Trends in Breast Cancer Incidence and Outcomes in the US: An Update from the American Cancer Society
Take-Home Message:
The most recent statistics about breast cancer in the US reflect significant changes in disease detection, treatment and distribution of resources from state to state. There are differences among ethnicities that are just beginning to be learned, and more observation is needed to equalize outcomes for all women.
Breast Cancer Statistics, 2017, Racial Disparity in Mortality by State
Authors: DeSantis, CE et al.
Source: CA: A CA J Clin 2017;000:000-000 doi 10.3322/caac.21412
www.onlinelibrary.wiley.com/doi/10.3322/caac.21412/full
Every two years, the American Cancer Society evaluates the latest trends in breast cancer incidence, mortality, survival and screening by race/ethnicity in the US. This recent report provides the latest data about breast cancer outcomes among ethnic groups from 2004-2017. Data for non-Hispanic white (NHW), non-Hispanic Black (NHB), Hispanic, Asian/Pacific Islander (API) and American Indian/Alaska Native (AI/AN) women was collected and reviewed. The data for AI/AN women was not consistently available.
Approximately 252,710 new cases of invasive breast cancer are expected in 2017. About 63,410 cases of in situ disease are expected. The majority (81%) of cases will occur in women over age 50. The lifetime risk of breast cancer in the US is 1 in 8, or 12.4%. The median age at diagnosis for all women is 62 years, but the age is younger for black women (59).

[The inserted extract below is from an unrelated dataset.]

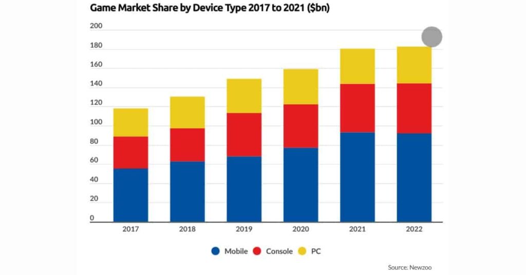 Interestingly, mobile games actually take the cake when it comes to all device games. From 2017 onwards, it’s beaten the revenue from console and PC games and looks to only be growing.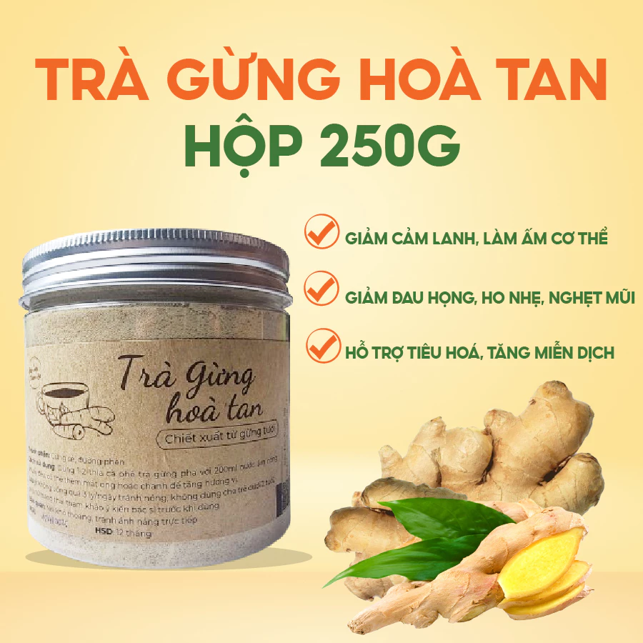 Tiện lợi, dễ sử dụng: Chỉ cần pha 1-2 thìa trà gừng hòa tan với nước nóng, bạn đã có ngay một ly trà thơm ngon, bổ dưỡng mà không cần phải tốn thời gian chế biến cầu kỳ.

Breast cancer incidence rose rapidly in the 1980s and 1990s, in large part because of the use of screening mammography. Once the statistical effects of early detection stabilized, the incidence of breast cancer remained relatively constant for a few years. Towards the late 1990s, the rate rose again, mostly among older women. This was believed to be due to rising rates of obesity as well as the use of hormone replacement therapy (HRT). Rates began to drop around the year 2000, likely because of the drop in the use of HRT and also because of decreased rates of screening mammography over time (70% in 2000 and 64% in 2015).
Looking at breast cancer incidence among women aged 50 or older, the rates are highest among NHW women, followed by NHB women, Hispanic women and API women. The rates drop with advancing age in each group.
Hormone receptor positive, HER2neu negative breast cancer is the most common disease type among all women, but its prevalence is highest among NHW women. Hispanic and API women have the lowest rates of this type of breast cancer. Hormone receptor and HER2neu negative disease is most common in the NHB population—twice as high as that of NHW women. Looking at API women with hormone receptor negative and HER2neu positive disease, Korean, Filipina, Chinese and Southeast Asian women have a higher risk for this breast cancer subtype compared to Japanese and AI women.
There were differences in breast cancer presentation. NHW and API women present most frequently with localized disease (breast alone), while NHB and Hispanic women have higher rates of presenting with regional (breast and axillary nodes) disease. NHB women have the highest rates of presenting with metastatic disease.
The group also looked at breast cancer mortality. Rates of death have decreased by 39% through 2015, which translates to over 322,000 lives saved. Interestingly, the decline among AI/AN women began 10 years later than for other ethnic groups. This decline in the death rate is due to improved cancer treatment as well as screening mammography. Although rates of death have dropped for all women, this improved survival is not equivalent among ethnic groups. NHB women still have a 39% greater breast cancer mortality compared to NHW women. While such differences may be due to different breast cancer types and prognoses, there is evidence that healthcare access continues to play a role in determining breast cancer outcomes: the survival rates were almost equivalent between these groups in Delaware, Connecticut and Massachusetts, states who have succeeded in providing equitable healthcare for many of their residents.
This information enlightens us with the most recent data about breast cancer in the US. Breast cancer subtypes among different ethnicities may reflect inherited and/or environmental differences. Socioeconomic and lifestyle differences, as well as cultural traditions, clearly play significant roles in breast cancer detection, treatment and outcomes. All of these factors complicate the interpretation of trends but provide more avenues for exploration to improve breast cancer outcomes for all women.